Risk Management Process

Risk Identification

The purpose of risk identification is to find, recognize, and describe risks (uncertainties) that might help or deter the University in achieving its objectives. We categorize risks into five main categories:

• Reputational - How are we protecting the University’s brand and reputation?
• Strategic - How are we meeting the University’s strategic and long-term goals
• Operational - How can we provide superior service to the students we serve?
• Financial - How can minimize costs and maximize our return on investments
• Compliance - How can we ensure we meet legal and regulatory requirements?

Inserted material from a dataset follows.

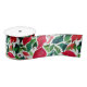 Stylish Red And Green Leaves Christmas Watercolor Satin Ribbon
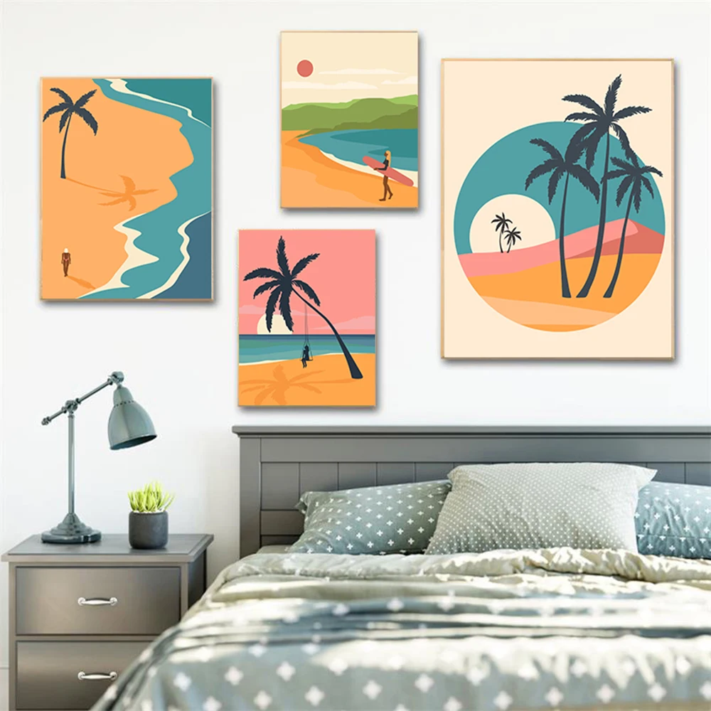 Модная Летняя женская Настенная картина в стиле бохо, Пляжная Карти...

Risk Analysis & Evaluation

The purpose of risk analysis and evaluation is to understand the nature and characteristics of the risk, in order to support decisions about additional action that may be required. 

Risk Treatment

The purpose of risk treatment is to select and implement options for addressing the risk, and balancing achievement of objectives and costs, effort or other potential disadvantages.

Risk Monitoring

The purpose of monitoring and review is to assure and improve the quality and effectiveness of the risk management process’ design, implementation and outcomes. The results of monitoring is incorporated throughout the university’s performance management and reporting activities.

Risk Communication

Throughout the risk management process, communication is the most important component. Open discourse between colleagues, administration, students and ERM is what allows the university to identify, analyze, mitigate and monitor the risks.